### Work task
Copy the records below in full and leave every image out of the copy.
=-=-=-=-=
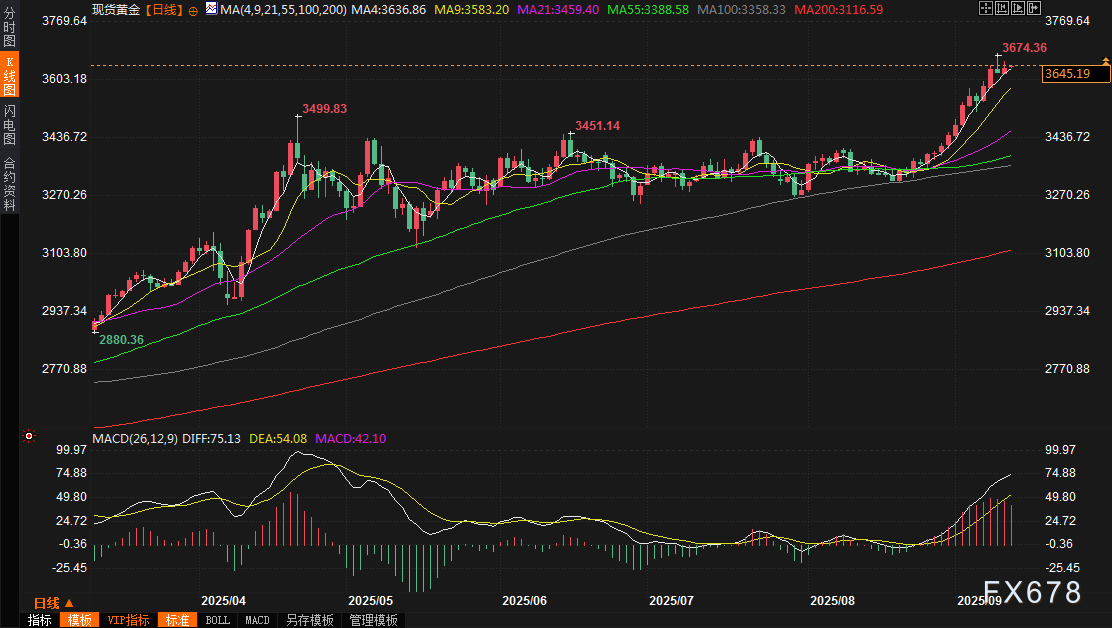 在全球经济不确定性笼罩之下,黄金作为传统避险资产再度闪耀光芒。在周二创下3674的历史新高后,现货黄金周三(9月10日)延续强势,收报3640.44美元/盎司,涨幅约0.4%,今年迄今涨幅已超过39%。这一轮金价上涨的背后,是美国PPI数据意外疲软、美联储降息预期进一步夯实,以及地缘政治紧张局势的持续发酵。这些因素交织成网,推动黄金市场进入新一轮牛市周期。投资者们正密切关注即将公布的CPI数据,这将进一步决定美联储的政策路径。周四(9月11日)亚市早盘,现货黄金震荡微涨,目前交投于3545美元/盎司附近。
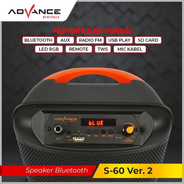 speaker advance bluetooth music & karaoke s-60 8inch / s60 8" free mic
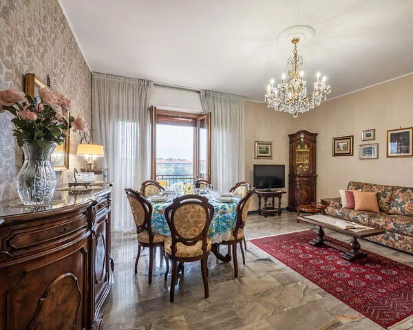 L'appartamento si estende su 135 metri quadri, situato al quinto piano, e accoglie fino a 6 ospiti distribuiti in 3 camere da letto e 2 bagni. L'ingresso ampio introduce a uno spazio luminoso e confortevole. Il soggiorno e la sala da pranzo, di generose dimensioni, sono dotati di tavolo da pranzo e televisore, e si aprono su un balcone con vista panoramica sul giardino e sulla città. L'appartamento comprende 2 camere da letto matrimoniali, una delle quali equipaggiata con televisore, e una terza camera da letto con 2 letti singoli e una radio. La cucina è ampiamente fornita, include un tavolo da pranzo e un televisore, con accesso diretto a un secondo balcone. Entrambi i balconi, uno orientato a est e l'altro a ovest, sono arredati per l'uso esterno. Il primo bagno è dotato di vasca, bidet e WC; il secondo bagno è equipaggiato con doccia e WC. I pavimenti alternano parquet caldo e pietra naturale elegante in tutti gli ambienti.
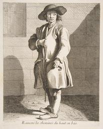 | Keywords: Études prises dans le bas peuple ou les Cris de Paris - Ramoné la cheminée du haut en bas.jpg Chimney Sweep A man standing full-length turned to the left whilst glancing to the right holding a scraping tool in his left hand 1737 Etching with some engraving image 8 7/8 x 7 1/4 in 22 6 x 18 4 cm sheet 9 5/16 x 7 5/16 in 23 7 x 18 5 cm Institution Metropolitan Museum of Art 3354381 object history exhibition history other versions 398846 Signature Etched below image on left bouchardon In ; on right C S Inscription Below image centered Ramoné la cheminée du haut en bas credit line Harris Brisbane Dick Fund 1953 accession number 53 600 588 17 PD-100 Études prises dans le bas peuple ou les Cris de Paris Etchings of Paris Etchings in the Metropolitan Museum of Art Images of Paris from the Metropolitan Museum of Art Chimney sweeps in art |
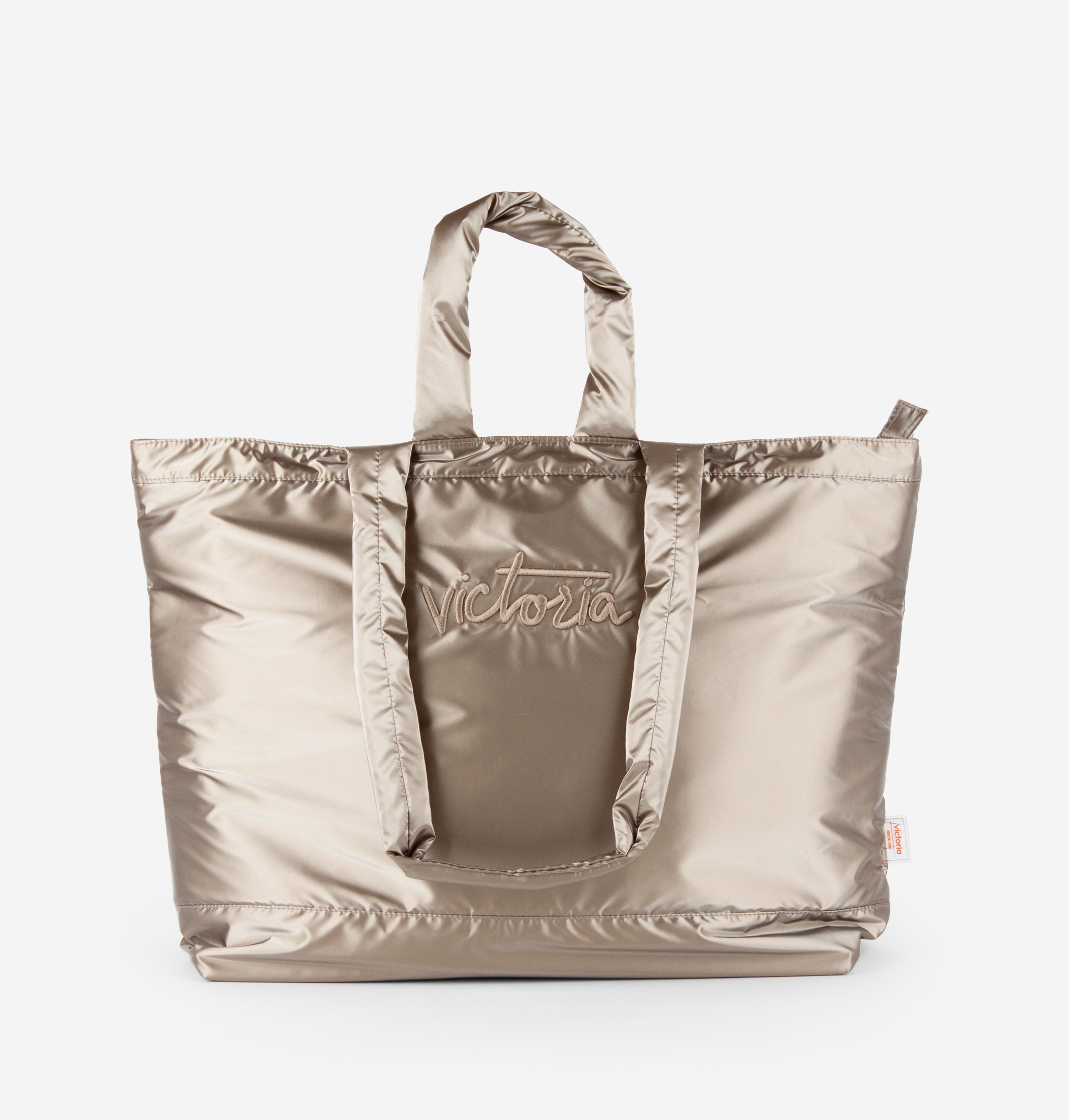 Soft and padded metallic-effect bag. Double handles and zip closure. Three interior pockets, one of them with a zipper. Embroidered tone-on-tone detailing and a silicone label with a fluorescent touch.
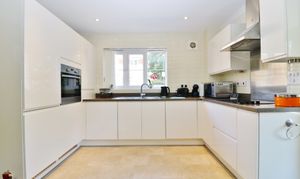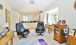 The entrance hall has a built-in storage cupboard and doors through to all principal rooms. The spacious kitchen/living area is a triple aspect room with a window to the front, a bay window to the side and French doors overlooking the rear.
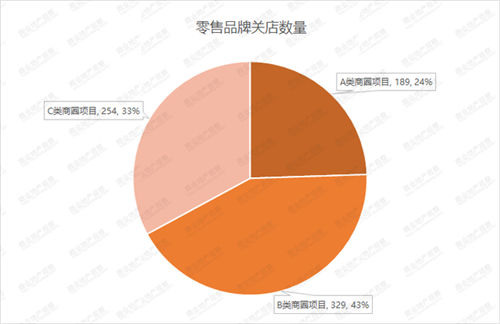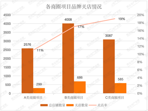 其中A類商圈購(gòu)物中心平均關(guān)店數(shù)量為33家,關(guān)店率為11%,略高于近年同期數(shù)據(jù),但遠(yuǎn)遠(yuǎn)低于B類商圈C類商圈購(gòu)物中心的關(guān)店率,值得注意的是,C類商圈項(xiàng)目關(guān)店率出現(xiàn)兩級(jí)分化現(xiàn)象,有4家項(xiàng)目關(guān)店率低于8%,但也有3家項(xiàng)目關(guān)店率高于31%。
=-=-=-=-=
### Task result
 在全球经济不确定性笼罩之下,黄金作为传统避险资产再度闪耀光芒。在周二创下3674的历史新高后,现货黄金周三(9月10日)延续强势,收报3640.44美元/盎司,涨幅约0.4%,今年迄今涨幅已超过39%。这一轮金价上涨的背后,是美国PPI数据意外疲软、美联储降息预期进一步夯实,以及地缘政治紧张局势的持续发酵。这些因素交织成网,推动黄金市场进入新一轮牛市周期。投资者们正密切关注即将公布的CPI数据,这将进一步决定美联储的政策路径。周四(9月11日)亚市早盘,现货黄金震荡微涨,目前交投于3545美元/盎司附近。
 speaker advance bluetooth music & karaoke s-60 8inch / s60 8" free mic
 L'appartamento si estende su 135 metri quadri, situato al quinto piano, e accoglie fino a 6 ospiti distribuiti in 3 camere da letto e 2 bagni. L'ingresso ampio introduce a uno spazio luminoso e confortevole. Il soggiorno e la sala da pranzo, di generose dimensioni, sono dotati di tavolo da pranzo e televisore, e si aprono su un balcone con vista panoramica sul giardino e sulla città. L'appartamento comprende 2 camere da letto matrimoniali, una delle quali equipaggiata con televisore, e una terza camera da letto con 2 letti singoli e una radio. La cucina è ampiamente fornita, include un tavolo da pranzo e un televisore, con accesso diretto a un secondo balcone. Entrambi i balconi, uno orientato a est e l'altro a ovest, sono arredati per l'uso esterno. Il primo bagno è dotato di vasca, bidet e WC; il secondo bagno è equipaggiato con doccia e WC. I pavimenti alternano parquet caldo e pietra naturale elegante in tutti gli ambienti.
 | Keywords: Études prises dans le bas peuple ou les Cris de Paris - Ramoné la cheminée du haut en bas.jpg Chimney Sweep A man standing full-length turned to the left whilst glancing to the right holding a scraping tool in his left hand 1737 Etching with some engraving image 8 7/8 x 7 1/4 in 22 6 x 18 4 cm sheet 9 5/16 x 7 5/16 in 23 7 x 18 5 cm Institution Metropolitan Museum of Art 3354381 object history exhibition history other versions 398846 Signature Etched below image on left bouchardon In ; on right C S Inscription Below image centered Ramoné la cheminée du haut en bas credit line Harris Brisbane Dick Fund 1953 accession number 53 600 588 17 PD-100 Études prises dans le bas peuple ou les Cris de Paris Etchings of Paris Etchings in the Metropolitan Museum of Art Images of Paris from the Metropolitan Museum of Art Chimney sweeps in art |
 Soft and padded metallic-effect bag. Double handles and zip closure. Three interior pockets, one of them with a zipper. Embroidered tone-on-tone detailing and a silicone label with a fluorescent touch.
 The entrance hall has a built-in storage cupboard and doors through to all principal rooms. The spacious kitchen/living area is a triple aspect room with a window to the front, a bay window to the side and French doors overlooking the rear.
 其中A類商圈購(gòu)物中心平均關(guān)店數(shù)量為33家,關(guān)店率為11%,略高于近年同期數(shù)據(jù),但遠(yuǎn)遠(yuǎn)低于B類商圈C類商圈購(gòu)物中心的關(guān)店率,值得注意的是,C類商圈項(xiàng)目關(guān)店率出現(xiàn)兩級(jí)分化現(xiàn)象,有4家項(xiàng)目關(guān)店率低于8%,但也有3家項(xiàng)目關(guān)店率高于31%。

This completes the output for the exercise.